Individuals Should Prepare for a Significantly Different Tax Environment in 2011
MILWAUKEE, Feb. 3, 2010
The Obama Administration’s proposed budget plan for fiscal year 2011 creates a difficult, uncertain and sometimes contradictory tax planning situation for individual taxpayers, according to Tim Steffen, CPA, CFP®, Financial & Estate Planning Manager for Baird’s Private Wealth Management Group. While the President’s budget is not final and the process of completing the nation’s spending blueprint is likely to be long and arduous, Steffen encourages individual investors to understand the proposals and begin preparing for a major change in the U.S. tax environment.
The centerpiece of the Administration’s budget proposal is the elimination of tax cuts enacted under President Bush for couples earning more than $250,000. The budget plan also extends some of the tax credits that were enacted as part of the stimulus bill in early 2009.

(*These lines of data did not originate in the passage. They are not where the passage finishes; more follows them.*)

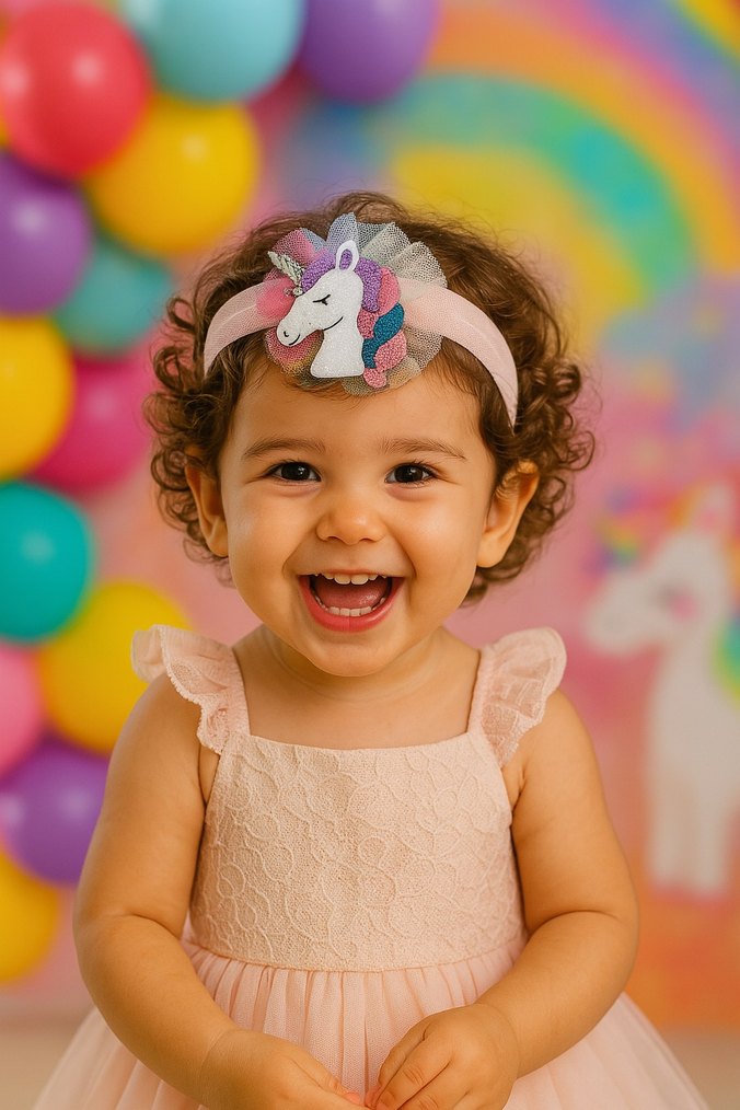 Pembe pastel renkte, fırfırlı ve tie-dye desenli unicorn detaylı çocuk saç bandı, bohem ve retro tarz için uygun.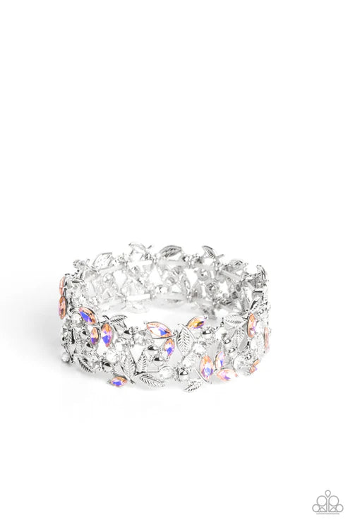 Round white gems and marquise-cut iridescent orange gems intertwine around polished silver studs and ornate feather-like details in a glitzy pattern. The textured, glittery display is threaded along elastic stretchy bands for a whimsical finish. Due to its prismatic palette, color may vary.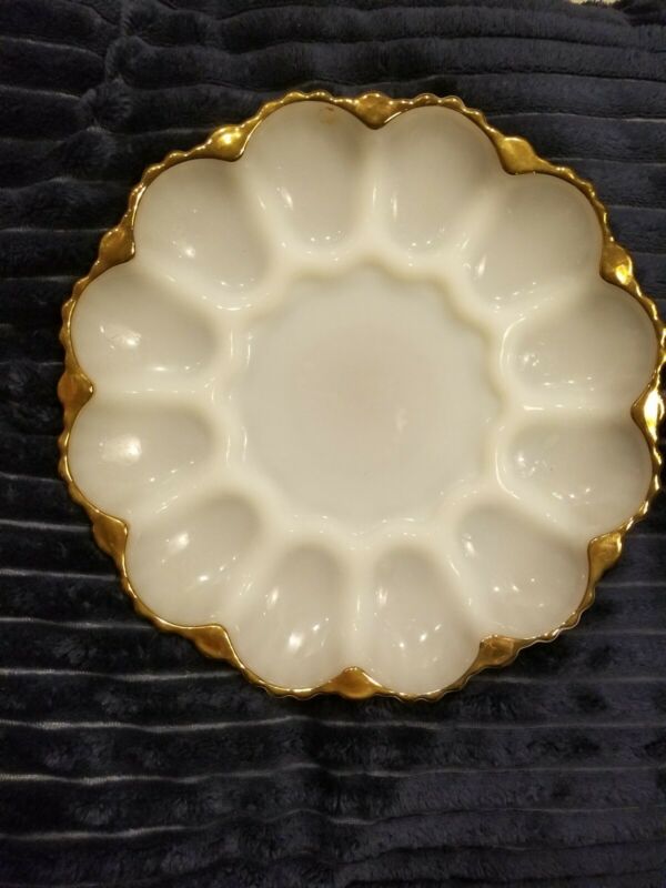 Title (ebay affiliate link): Vtg 12 Round White & Gold Milk Glass Deviled Egg or Oyster Dish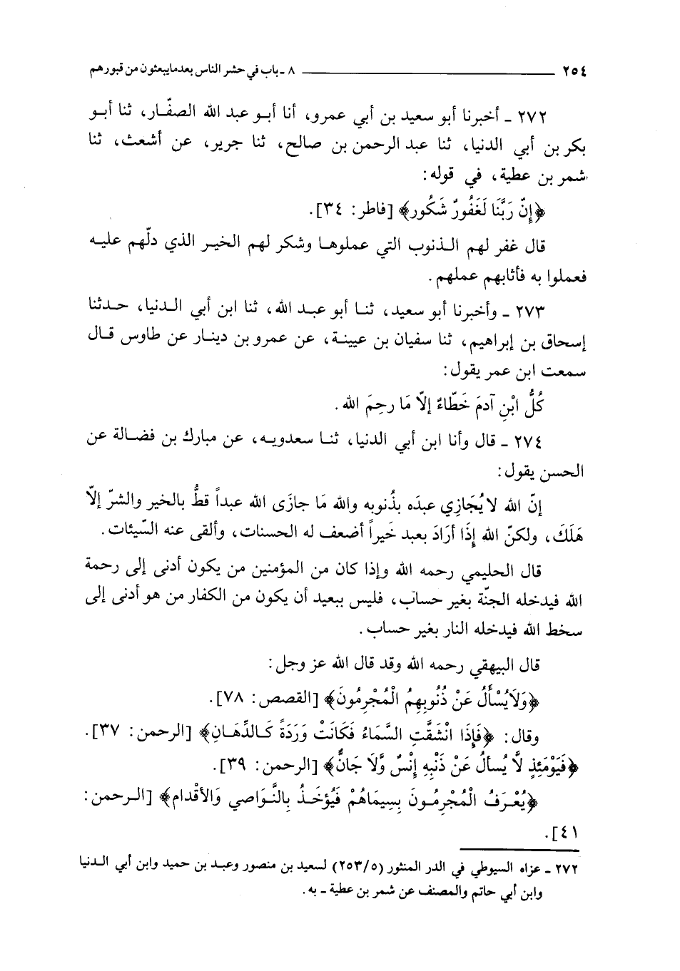274 - قال و أنا ابن أبي الدنيا ثنا سعدويه عن مبارك بن فضالة عن الحسن يقول : إن الله لا يجازي عبده بذنوبه و الله ما جازى الله عبدا قط بالخير و الشر إلا هلك و لكن الله إذا أراد بعبد خيرا أضعف له الحسنات و ألقى عنه السيئات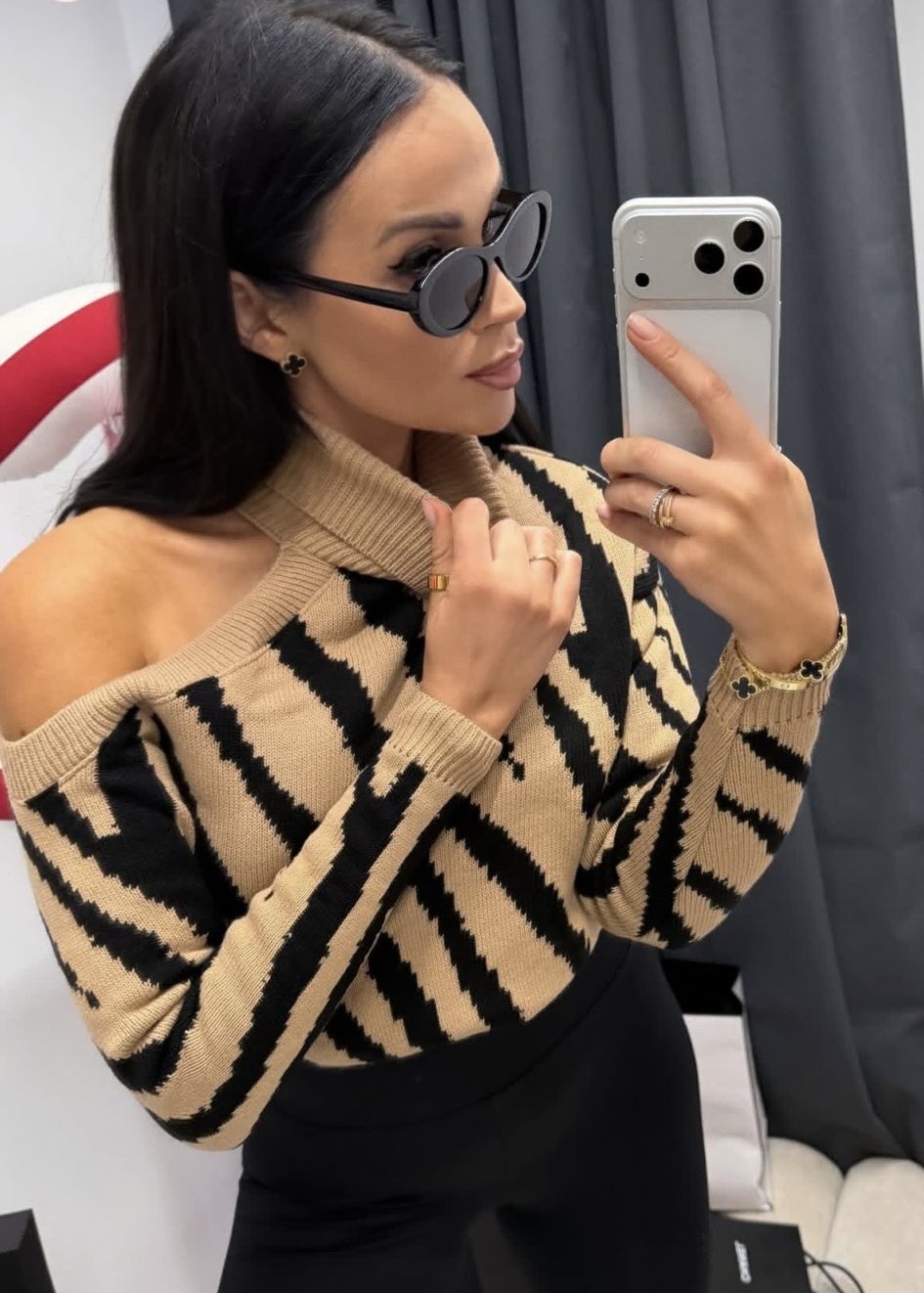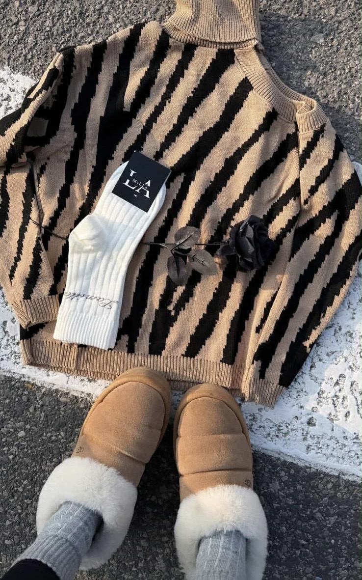 Komplet sweterkowy golf i legginsy La Milla – jasny beż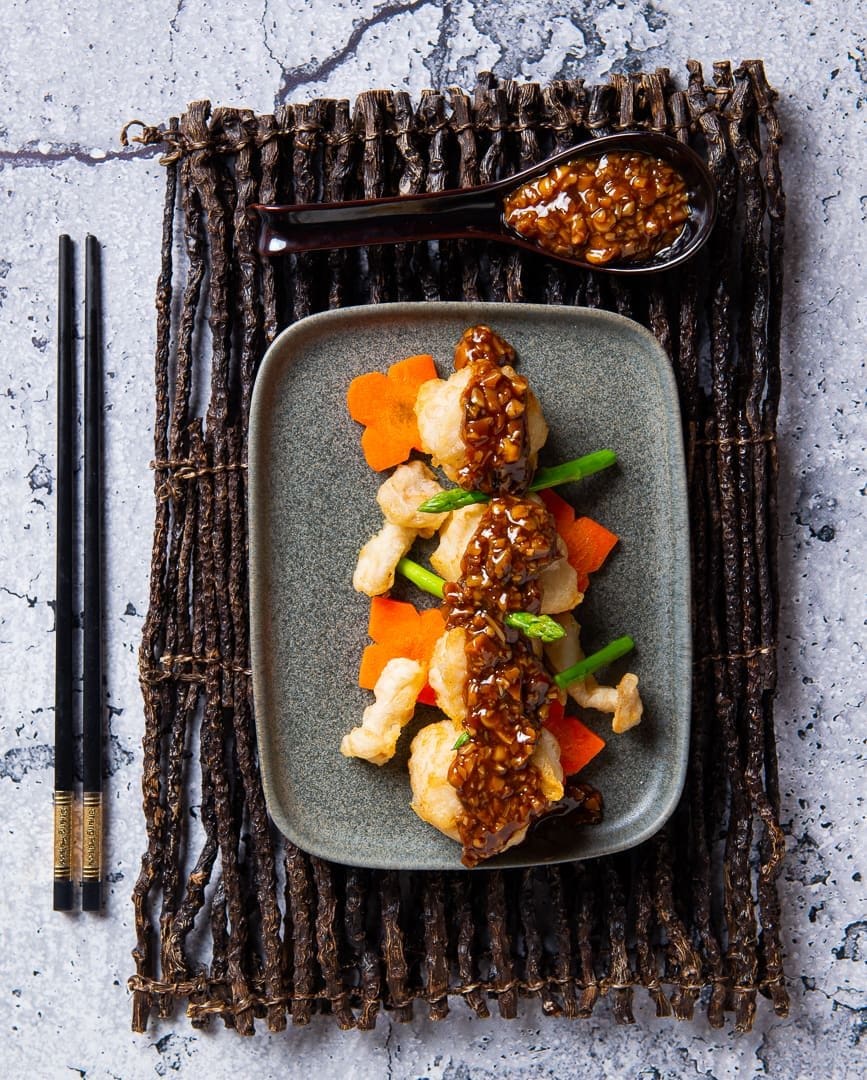 • Deep-Fried Tiger Prawns with Spicy Sichuan Sauce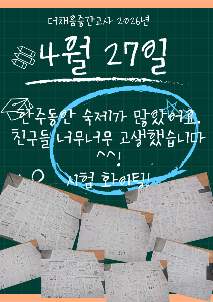 안녕하세요! 아이들의 꿈에 정성을 더하는 더채움학원입니다. 드디어 내일, 4월 27일 월요일은 우리 더채움 친구들이 그동안 갈고닦은 실력을 뽐내는 학원 중간고사 날입니다! 시험을 하루 앞둔 오늘, 학원 분위기는 평소보다 더 진지하고 뜨거운데요. 우리 아이들이 어떻게 준비해왔는지 살짝 들려드릴게요. 일주일간의 불타는 레이스 이번 시험을 준비하며 우리 아이들, 정말 엄청난 양의 중간고사 대비 숙제를 소화해냈어요. 쏟아지는 문제집과 유인물에 힘들 법도 한데, 묵묵히 채워나가는 모습이 얼마나 대견했는지 모릅니다. 특히 이번 시험은 실제 학교 시험 난이도와 딱 맞춰 출제했기 때문에 아이들도 긴장감을 가지고 임하고....... <img src="https://blogthumb.pstatic.net/MjAyNjA0MjZfMTEg/MDAxNzc3MTg0NTUyOTg0.BKcC4ikHigED6BFHfTjOb48umIntllEAukQwnVBOoqkg.PgFeTisGO4IkVkvKzqHHOwZ_frt6fbsFaSUczY9NQRYg.PNG/%C1%A6%B8%F1%C0%BB_%C0%D4%B7%C2%C7%D8%C1%D6%BC%BC%BF%E4._%282%29.png?type=s3" />

While the President’s proposals will no doubt be modified during the legislative process, individuals can begin taking steps now to prepare for the final budget plan, which will likely include changes to the tax code. From a tax planning perspective, it is important to be aware of potential challenges including:
- Income and Deductions – One of the cornerstones of the Administration’s budget is a plan to increase the tax rate on individuals with more than $250,000 of income in 2011. Under those circumstances, the typical strategy would be to accelerate income into 2010 and defer deductions into 2011. However, the President’s budget also proposes to limit the benefit of those same deductions in 2011. Therefore, taxpayers will need to analyze under which set of tax laws – 2010 or 2011 – deductions will provide more value. The proposed return of the itemized deduction and personal exemption phase-outs further complicate the matter.
- Capital Gains – The budget includes a proposal to raise the top tax rate on long-term capital gains and qualified dividends to 20% from today’s 15%, but only for those with income over $250,000. In that case, affected individuals would want to realize gains this year instead of deferring them into 2011. Alternatively, if individuals choose to accelerate income into 2010, they may be able to keep themselves far enough below the $250,000 threshold to avoid the higher rates.
- Estate Taxes – The budget doesn’t make any mention of the expiration of the estate tax in January 2010. Separately, the budget adds restrictions on estate planning techniques such as Grantor Retained Annuity Trusts and valuation discounts. While it’s expected that some legislation on the estate tax will ultimately be introduced, short-term planning for the unknown will continue to be difficult.
A number of aspects of the Administration’s budget have other tax implications including:
- A proposal to change the way carried interest is taxed for investment managers.
- The extension and expansion of a variety of tax credits.
- Tax credits – and tax increases – aimed at businesses.